1. Validate input: observed flows at the finer resolution (e.g., daily or monthly) with DatetimeIndex.
2. Aggregate observed flows to the coarser resolution (e.g., monthly to annual by summation).
3. Organize into matrices: for each year y, form the vector of sub-period flows:

   X_y = [Q_{y,1}, Q_{y,2}, ..., Q_{y,m}]^T
   

   where m is the number of sub-periods (e.g., 12 months).
4. Optional transformation: apply log or Box-Cox transform to improve normality.

Fitting

1. Compute sub-period statistics:
2. Mean vector: mu_X = E[X] (m x 1)
3. Covariance matrix: S_XX = Cov(X, X) (m x m)
4. Compute aggregate statistics:
5. Mean: mu_Y = E[Y] where Y = sum(X)
6. Variance: sigma_Y^2 = Var(Y)
7. Compute cross-covariance between sub-periods and aggregate:

   S_XY = Cov(X, Y) = S_XX * 1_m
   

   where 1_m is an m-vector of ones.
8. Compute regression parameters:
9. Regression coefficients: A = S_XY / sigma_Y^2 (m x 1)
10. Conditional covariance: S_e = S_XX - A * sigma_Y^2 * A^T (m x m)
11. Cholesky decomposition of S_e:

    S_e = C * C^T
    

    If S_e is not positive semi-definite, apply spectral repair (set negative eigenvalues to small positive value).
12. Store mu_X, mu_Y, sigma_Y^2, A, C, and transformation parameters.

Disaggregation

For each synthetic aggregate value Y_syn:

1. Compute conditional mean:

   mu_X|Y = mu_X + A * (Y_syn - mu_Y)
   

2. Sample residuals:

   Z ~ N(0, I_m)
   X_syn = mu_X|Y + C * Z
   

3. Proportional adjustment to enforce consistency (sub-periods sum to aggregate):

   X_adj = X_syn * (Y_syn / sum(X_syn))
   

   Note: This multiplicative adjustment is simple but can distort the conditional covariance. See Grygier-Stedinger (1988) for a more rigorous conservation correction.
4. Inverse transform if log/Box-Cox was applied.
5. Enforce non-negativity: clip to zero.

Parameters

Parameter	Type	Default	Description
Q_obs	pd.Series or pd.DataFrame	-	Observed streamflow at sub-period resolution with DatetimeIndex
n_subperiods	int	12	Number of sub-periods per aggregate period
transform	str	'log'	Transformation before fitting: 'log', 'boxcox', or 'none'
conservation_method	str	'proportional'	Method to enforce sum consistency: 'proportional' or 'none'
name	Optional[str]	None	Optional name identifier for this disaggregator instance
debug	bool	False	Enable debug logging

Properties Preserved

• Conditional mean of sub-periods given aggregate (by construction)
• Conditional covariance structure (via S_e)
• Monthly means and standard deviations (approximately)
• Cross-correlations between sub-periods (via full covariance S_XX)
• Aggregate total (exactly, via proportional adjustment)

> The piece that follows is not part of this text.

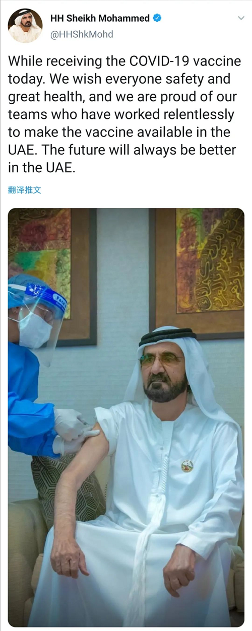 11月3日,阿拉伯联合酋长国副总统兼总理、迪拜酋长阿勒马克图姆在社交媒体分享了自己正在接种欧美av 中国生物新冠疫苗的照片,并表示:“在我接种疫苗时我希望所有人安全、健康。我们非常感谢我们的团队,正是他们没日没夜地工作使得阿联酋得以接种新冠疫苗。阿联酋的未来更美好。”

Not preserved: - Exact conditional covariance after proportional adjustment - Non-Gaussian features of sub-period distributions - Inter-annual temporal correlations between sub-periods

Limitations

• Assumes multivariate normality of sub-period flows (often violated for daily/monthly data)
• Proportional adjustment distorts the conditional covariance
• Does not model serial correlation between consecutive years' sub-periods
• For high m (many sub-periods), covariance estimation requires long records
• Better suited for annual-to-monthly than monthly-to-daily (daily data requires many more sub-periods)

References

Primary: Valencia, R.D., and Schaake, J.C. (1973). Disaggregation processes in stochastic hydrology. Water Resources Research, 9(3), 580-585. https://doi.org/10.1029/WR009i003p00580

See also: - Stedinger, J.R., and Vogel, R.M. (1984). Disaggregation procedures for generating serially correlated flow vectors. Water Resources Research, 20(1), 47-56. https://doi.org/10.1029/WR020i001p00047 - Salas, J.D., Delleur, J.W., Yevjevich, V., and Lane, W.L. (1980). Applied Modeling of Hydrologic Time Series. Water Resources Publications.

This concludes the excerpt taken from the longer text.